**Records shown**
-=-=-

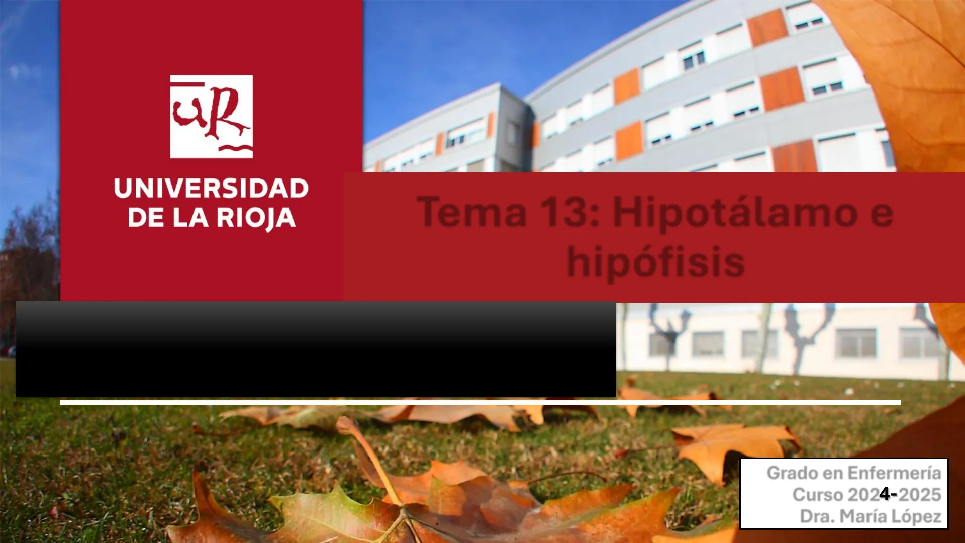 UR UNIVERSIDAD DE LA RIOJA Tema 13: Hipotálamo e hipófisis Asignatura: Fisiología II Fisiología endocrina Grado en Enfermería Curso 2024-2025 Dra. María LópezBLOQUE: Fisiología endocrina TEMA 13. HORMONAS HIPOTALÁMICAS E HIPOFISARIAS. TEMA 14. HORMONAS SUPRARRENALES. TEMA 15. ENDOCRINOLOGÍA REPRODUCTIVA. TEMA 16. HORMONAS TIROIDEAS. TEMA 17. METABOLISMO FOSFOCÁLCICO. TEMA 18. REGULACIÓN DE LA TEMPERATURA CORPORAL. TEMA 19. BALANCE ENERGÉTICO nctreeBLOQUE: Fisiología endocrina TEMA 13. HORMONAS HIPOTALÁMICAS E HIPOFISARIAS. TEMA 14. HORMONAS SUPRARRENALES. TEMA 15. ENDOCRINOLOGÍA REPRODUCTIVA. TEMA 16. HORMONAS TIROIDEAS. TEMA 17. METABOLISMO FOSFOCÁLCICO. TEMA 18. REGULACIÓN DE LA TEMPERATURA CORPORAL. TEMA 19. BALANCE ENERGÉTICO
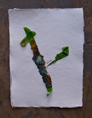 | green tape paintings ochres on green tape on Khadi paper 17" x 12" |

-=-=-

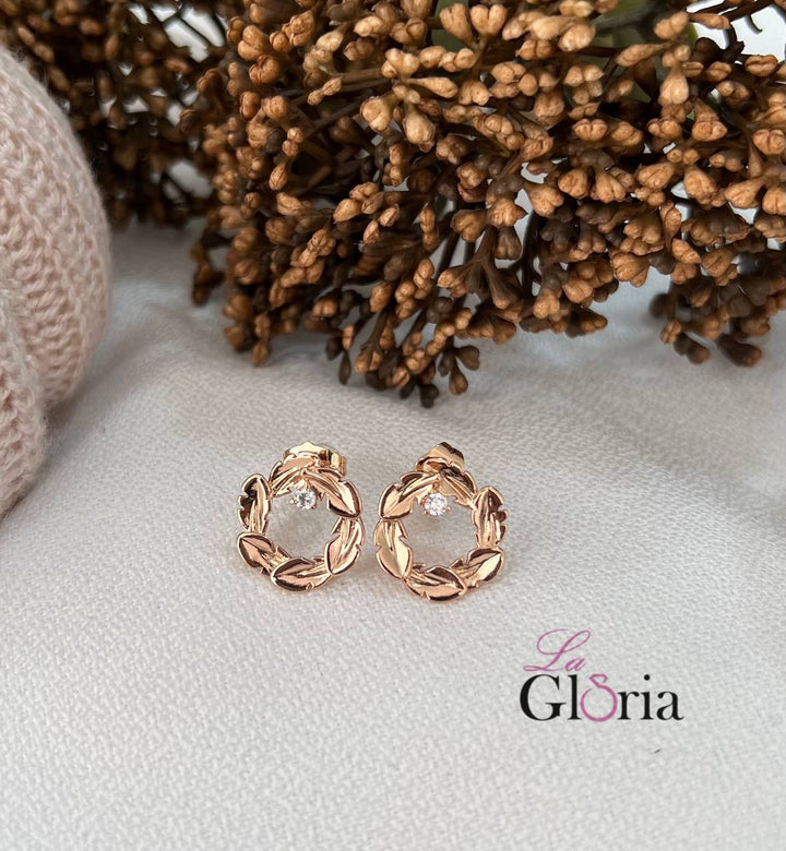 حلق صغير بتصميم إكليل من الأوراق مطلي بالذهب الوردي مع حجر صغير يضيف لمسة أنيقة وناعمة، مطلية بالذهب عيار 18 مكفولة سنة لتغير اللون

-=-=-

**Assigned task**
Set down, exactly as written above, each line from the one with "UR UNIVERSIDAD DE" through the one with "green tape paintings", and skip the pictures.

**Reply to the exercise**
 UR UNIVERSIDAD DE LA RIOJA Tema 13: Hipotálamo e hipófisis Asignatura: Fisiología II Fisiología endocrina Grado en Enfermería Curso 2024-2025 Dra. María LópezBLOQUE: Fisiología endocrina TEMA 13. HORMONAS HIPOTALÁMICAS E HIPOFISARIAS. TEMA 14. HORMONAS SUPRARRENALES. TEMA 15. ENDOCRINOLOGÍA REPRODUCTIVA. TEMA 16. HORMONAS TIROIDEAS. TEMA 17. METABOLISMO FOSFOCÁLCICO. TEMA 18. REGULACIÓN DE LA TEMPERATURA CORPORAL. TEMA 19. BALANCE ENERGÉTICO nctreeBLOQUE: Fisiología endocrina TEMA 13. HORMONAS HIPOTALÁMICAS E HIPOFISARIAS. TEMA 14. HORMONAS SUPRARRENALES. TEMA 15. ENDOCRINOLOGÍA REPRODUCTIVA. TEMA 16. HORMONAS TIROIDEAS. TEMA 17. METABOLISMO FOSFOCÁLCICO. TEMA 18. REGULACIÓN DE LA TEMPERATURA CORPORAL. TEMA 19. BALANCE ENERGÉTICO
 | green tape paintings ochres on green tape on Khadi paper 17" x 12" |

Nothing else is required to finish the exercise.